Investment

Chart of the Month: European Sovereign Spreads: Time to be cautious?

article written by

Pierre Mouton

European Sovereign Spreads: Time to be cautious?

Source: Bloomberg

Source: Bloomberg

 

The chart here above illustrates the yield spread between the 10 years Italian BTP and the 10 years German Bund since 2010.

The incredible 2011 spike in the midst of the European Sovereign crisis is striking on the chart, especially when compared to the relatively quiet period experienced since 2014. Since the 2011 crisis the ECB has been very wary in order to prevent the market from becoming fearful again about Southern Europe (especially Italy, Spain and Portugal because Greece is a different story), either verbally with Mr. Draghi’s famous “whatever it takes” speech, or actively through the different asset buying programs they have implemented.

As a result, today’s Italian or Spanish spreads versus Germany are quite compressed and it seems difficult to imagine them getting much lower from here. As an example, Italy trades somewhere between 120 and 140 basis points higher than Germany today, which seems pretty low when taking into consideration the rating differential between both countries (BBB versus AAA), but even more so when looking at the absolute yield provided by the Italian 10 year BTP, roughly 1.2%.

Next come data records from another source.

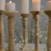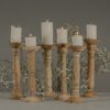 Realizzato in legno massiccio e naturale, lavorato a mano, ogni candeliere ha una tornitura leggermente diversa dall’altro.
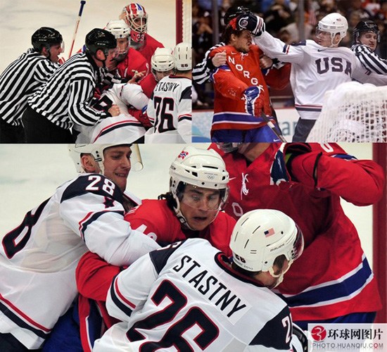 2010年2月19日,冬奥会冰球比赛继续进行,美国队与挪威队在场上爆发冲突。
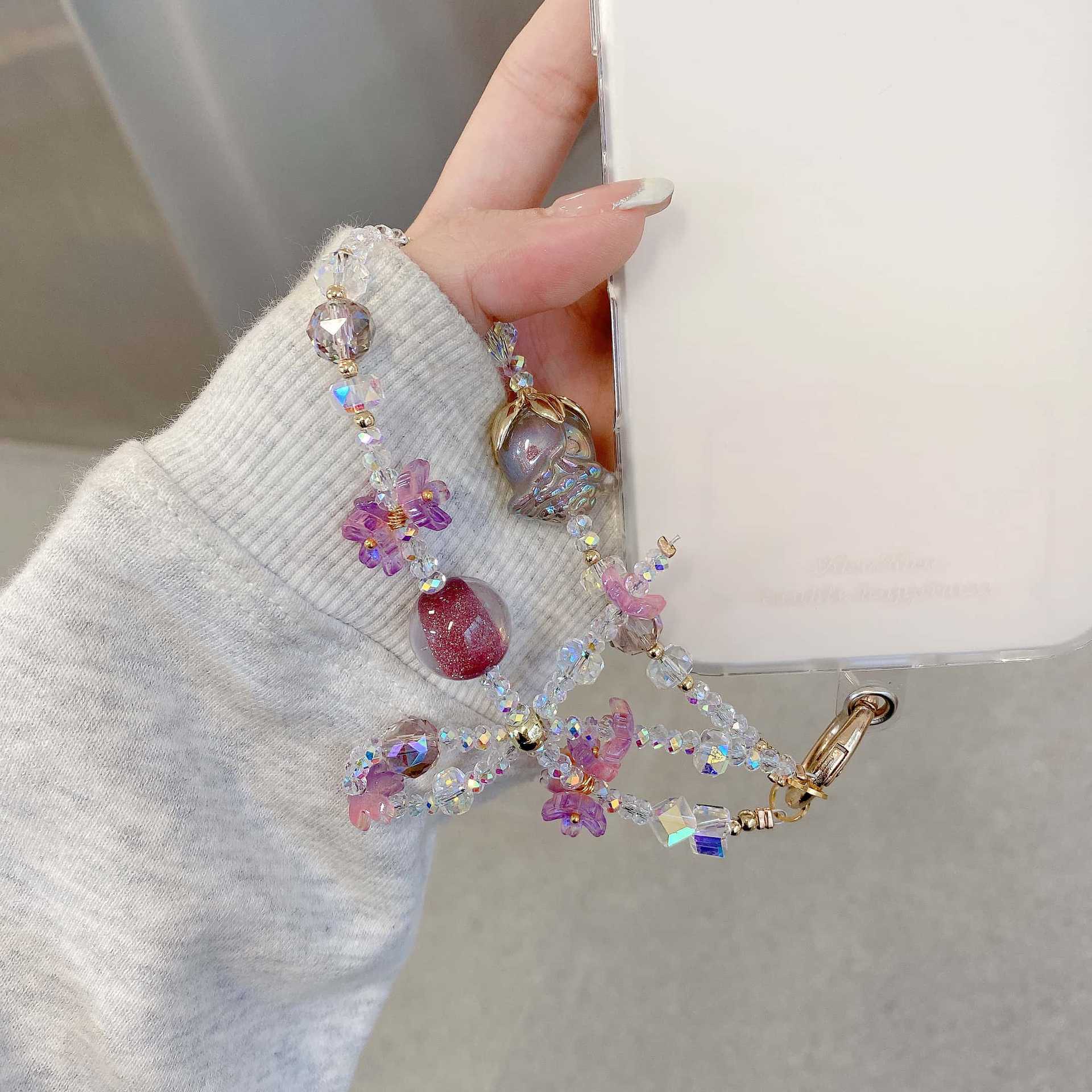 Boutique hecho a mano de alta gama teléfono móvil cadena colgante mujer tulipán sueño púrpura cadena larga moda teléfono móvil cordón largo mensajero colgante
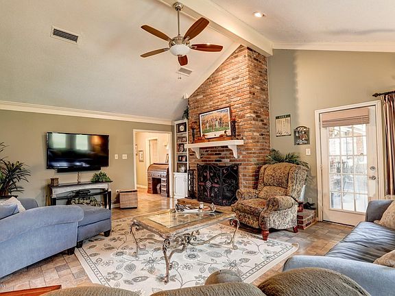 Wow-New roof and new landscaping in 2019! New central air and heat pump in 2015 (with a ten year warranty for parts and labor), along with new shed and boat cover! New water heater this year! Quiet area. Cute home with kitchen update with painted cabinets, solid granite counter tops, and even a wine cooler! Kitchen is open to breakfast and to den with a wood burning fireplace, beamed cathedral ceiling and built-ins. Lots of natural light. Solid wood doors. Formal area at front of home is currently used as an office. Both bathrooms have double sinks and slab granite counter tops. Covered patio recently renovated with new metal roof and cypress supports! Added parking behind original carport! Huge fenced yard with storage shed.
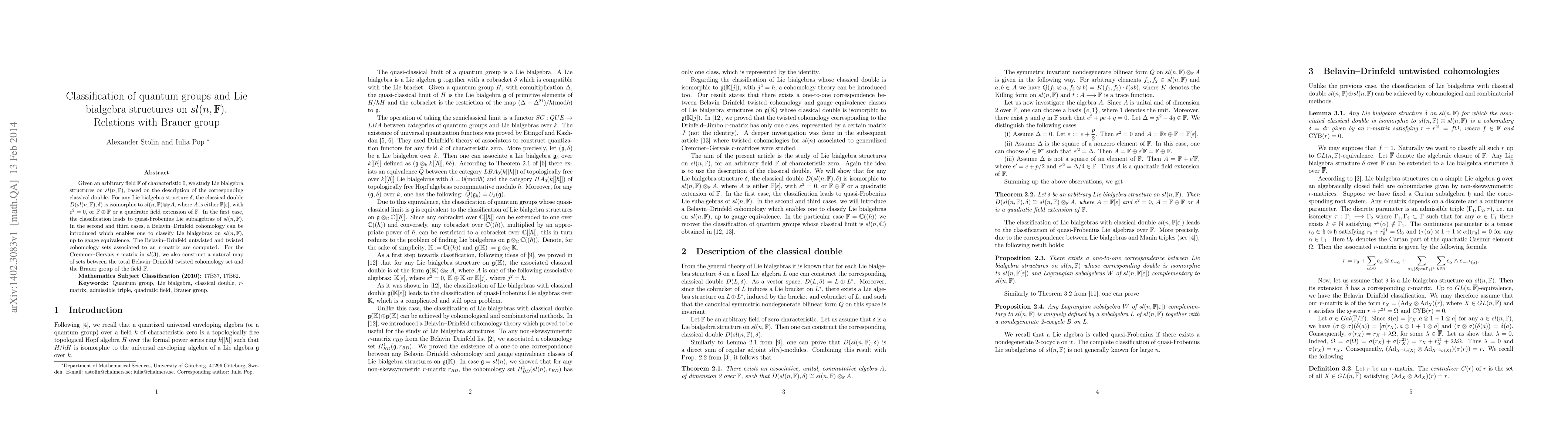 Given an arbitrary field $\mathbb{F}$ of characteristic 0, we study Lie bialgebra structures on $sl(n,\mathbb{F})$, based on the description of the corresponding classical double. For any Lie bialgebra structure $\delta$, the classical double $D(sl(n,\mathbb{F}),\delta)$ is isomorphic to $sl(n,\mathbb{F})\otimes_{\mathbb{F}} A$, where $A$ is either $\mathbb{F}[\varepsilon]$, with $\varepsilon^{2}=0$, or $\mathbb{F}\oplus \mathbb{F}$ or a quadratic field extension of $\mathbb{F}$. In the first case, the classification leads to quasi-Frobenius Lie subalgebras of $sl(n,\mathbb{F})$. In the second and third cases, a Belavin--Drinfeld cohomology can be introduced which enables one to classify Lie bialgebras on $sl(n,\mathbb{F})$, up to gauge equivalence. The Belavin--Drinfeld untwisted and twisted cohomology sets associated to an $r$-matrix are computed. For the Cremmer--Gervais $r$-matrix in $sl(3)$, we also construct a natural map of sets between the total Belavin--Drinfeld twisted cohomology set and the Brauer group of the field $\mathbb{F}$.
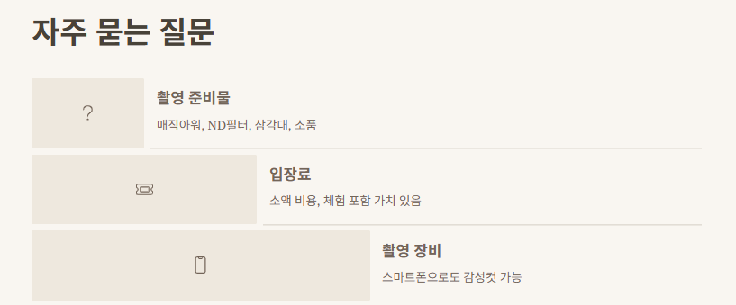 Q1. 촬영지 방문 전에 뭘 준비하면 좋을까요?
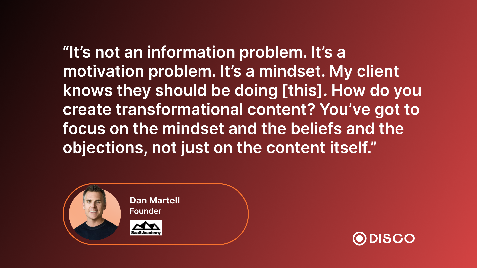 âItâs not an information problem. Itâs a motivation problem. Itâs a mindset. My client knows they should be doing [this]. How do you create transformational content? Youâve got to focus on the mindset and the beliefs and the objections, not just on the content itself.â
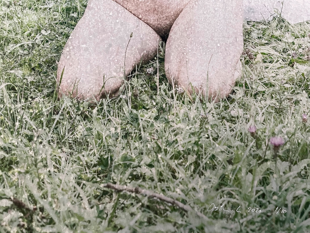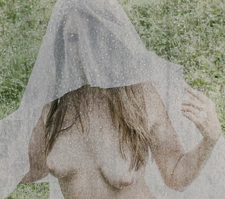 A naked young woman with a veil who, like a chameleon, hides herself in the landscape. The work is a digitally edited photo printed on Hahnemühle Photo Rag Ultra Smooth 305grm. It is also possible to buy an edition print with frame. Price for this is on request. Sizes 80 x 55 cm
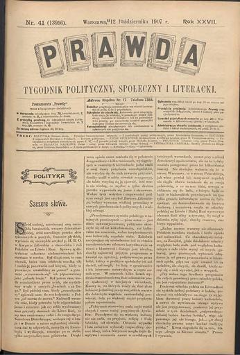 | Keywords: Newspaper Prawda - nr 41 - 1907 AD.jpg  en newspaper Prawda 41 1907 AD Warszawa city Russian empire page 1 ru ва шавская польскоязычная газета Prawda 41 1907 г Российская импе ия ст аница 1 be ва шаўская польскамоўная газета Prawda 41 1907 г Расійская імпе ыя ста онка 1 newspaper Prawda 41 1907 AD Warszawa city Russian empire page 1 editor Paulina Sieroszewska 1907 public domain in Poland PD-Polish газета П авда польская жу налістыка польскі д ук Newspapers of the Russian Empire Newspapers of Poland Kovno Governorate 1907 newspapers October 1907 in Poland PD-old |
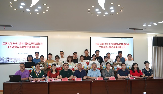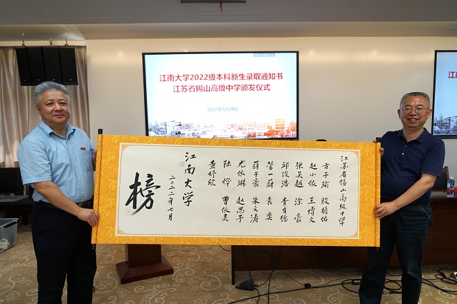 7月29日上午,江南大学党委常委、副校长徐岩亲赴江苏省锡山高级中学,为2022级本科新生颁发录取通知书。
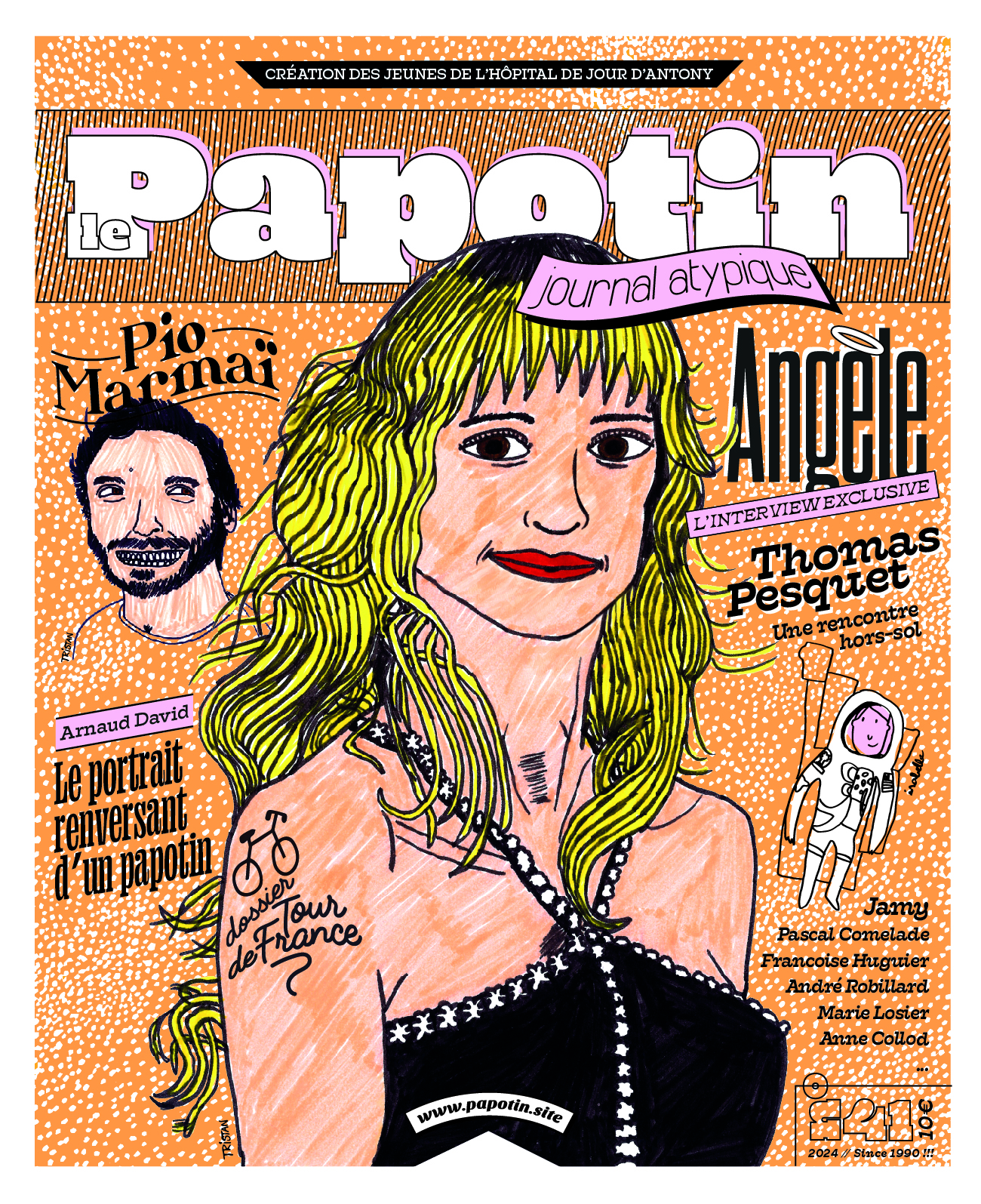 Numéro 41 avec : Un dossier spécial - Tour de France Ainsi que les interviews de : – Pio Marmaï et le festival Colis Suspect – Anne Collod à la maison des Métallos – Angèle, l'interview exclusive – Thomas Pesquet, l'interview Hors sol – Jamy, l'interview rêvée des journalistes atypiques – Pascale Comelade au festival Sonic Protest Un dossier photo autour de la photographe Françoise Huguier Une interview renversante d’un Papotin : Arnaud David Le tout accompagné des textes des Papotins et des illustrations de Tristan, Lucile Notin Bourdeau, Isabelle, Akli, Anne Cecile Bonnet, Valfret, Camille Lavaud Benito

When it comes to fundamentals, caution seems even more necessary: Italy’s debt to GDP ratio stood at 135% at the end of March this year, Spain’s at 101% whereas Germany’s ratio was 71%.
The trend calls for caution as well, because since the beginning of 2011 this ratio has gone from 115% to 135% for Italy, from 61% to 101% for Spain but has decreased from 81% to 71% for Germany. Forecasts for this year are not encouraging and the relative and absolute deterioration of both Italy and Spain’s fundamentals looks set to last.

The ECB can obviously act as a safeguard against any panic before the very important political events which are ahead of us, for example the Italian referendum in December this year, which will probably turn out to be a vote for or against the European Institutions. But can the ECB go very far in terms of spread compression? In other terms, can the European Central Bank decide to squeeze European spreads despite increasingly diverging fundamentals, and in any case would Germany accept it? We definitely doubt it and would once again reiterate our cautious stance on countries like Italy, Spain, Portugal and, to a lesser extent, France.